Web Fetch Summarization
When the agent fetches a web page (documentation, API references, etc.), the raw HTML converts to 10K-50K+ tokens of markdown. Most of it is navigation, sidebars, and boilerplate. GitAuto uses Claude Haiku 4.5 as a summarization layer to extract only the relevant information before passing it to the main reasoning model.
Why This Exists
The main reasoning model (Claude Opus) costs $5/$25 per million input/output tokens. Claude Haiku costs $1/$5. Passing a 30K-token web page directly to Opus costs ~$0.15 in input tokens alone. Running it through Haiku first and returning a 1K-token summary costs ~$0.03 for Haiku input + ~$0.005 for Haiku output + ~$0.005 for Opus input on the summary. That's roughly an 80% cost reduction per web fetch.
How It Works
- The agent calls
web_fetchwith a URL and a prompt describing what information to extract. - GitAuto fetches the page, strips unnecessary HTML elements (nav, footer, ads, scripts), and converts the main content area to markdown.
- The markdown and the extraction prompt are sent to Claude Haiku, which returns a focused summary containing only the requested information.

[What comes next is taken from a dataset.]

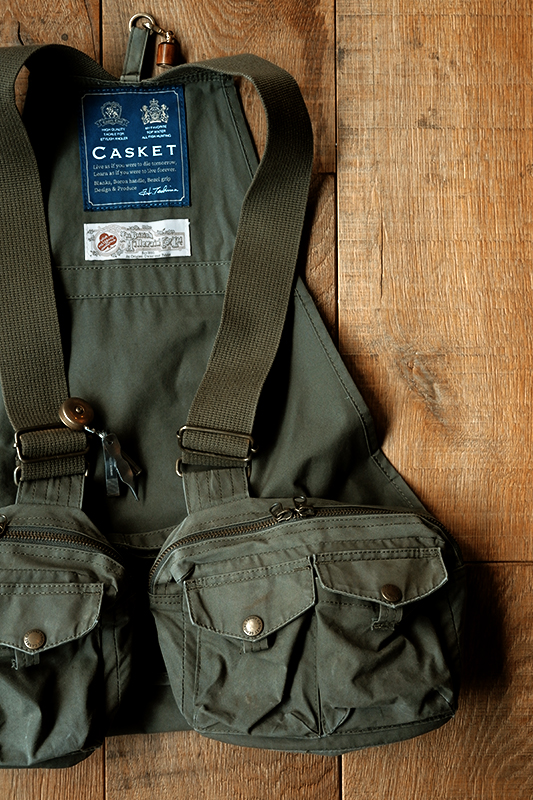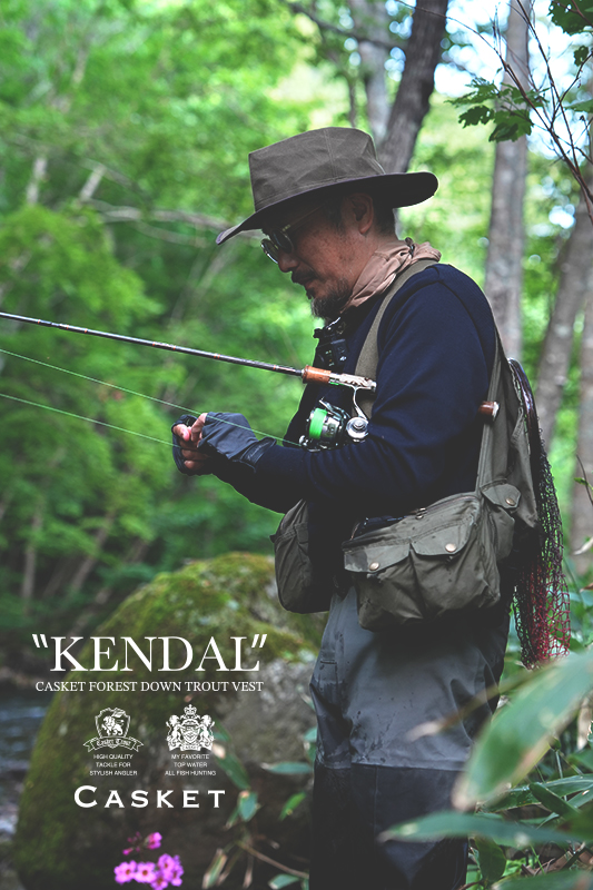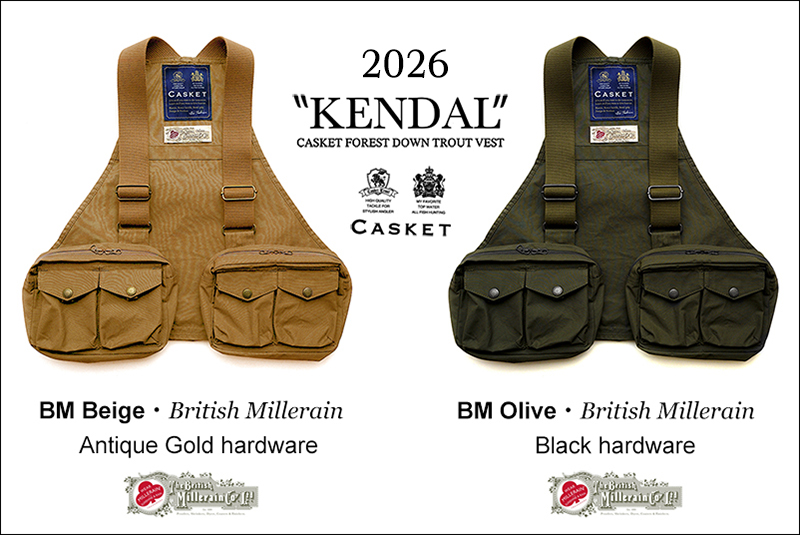 私たちカスケットが、鱒釣りに必要な全てを集約した渾身のフィッシングベスト「KENDAL」。デザイン、機能、生地の全てにおいて販売以来、今もなお最高と言い切れる自信の一枚です。製作はフィッシングベストにおける国内随一のスペシャリスト集団「ミノワベストラボラトリー」です。 2026年版はベージュにアンティークゴールド金具、オリーブにブラック金具が装着されます。 生地は昨年と同じ、英国ブリティッシュミラレーン社のワックスドコットン。布帛として恐ろしく高価ではありますが、優れた耐久性に加え、素晴らしいエイジングを見せてくれる最高品質のものです。 様々な生地を検討しましたが、現時点でこれを超える生地は見つけられていません。 また「レギュラーサイズ」に加えて、引き続き「プラスサイズ」もラインナップ。身幅を左右+5cmずつ延長し、厚着をする際や、体格の大きな方も着用しやすいサイズとなっています。(画像は2025年版カラー) プラスサイズは1箇所だけ変更点があり、フロントショルダーストラップも+5cm延長出来るよう設計を改めました。これによりさらに幅広い方へ対応する事が可能となっています。 ルアー、フライ、フィッシングウェア&ギアを幅広くカバーする当店だからこそ設計できた、あらゆるアングラー、シチュエーションを考慮した一枚。クラシックなストラップベストにおいて現代最高峰のベストであると断言します。

- The summary (not the full markdown) is returned to the main model's conversation.
Two Tools, Not One
Not every URL needs summarization. JSON API responses, raw text files, and configuration files should be returned as-is. GitAuto provides two tools:
web_fetch- Fetches HTML pages, converts to markdown, summarizes with Haiku. For documentation, articles, and web content.curl- Fetches raw content with no processing. For JSON APIs, text files, and anything where exact content matters.
Why the Model Cannot Solve This
The main model is smart enough to ignore irrelevant content on a web page. But by the time it sees the content, you have already paid for the input tokens. Asking the model to "focus on the relevant parts" does not reduce the cost - the full page is already in the context window. The filtering must happen before the tokens reach the expensive model, which is an application-layer decision, not a model capability.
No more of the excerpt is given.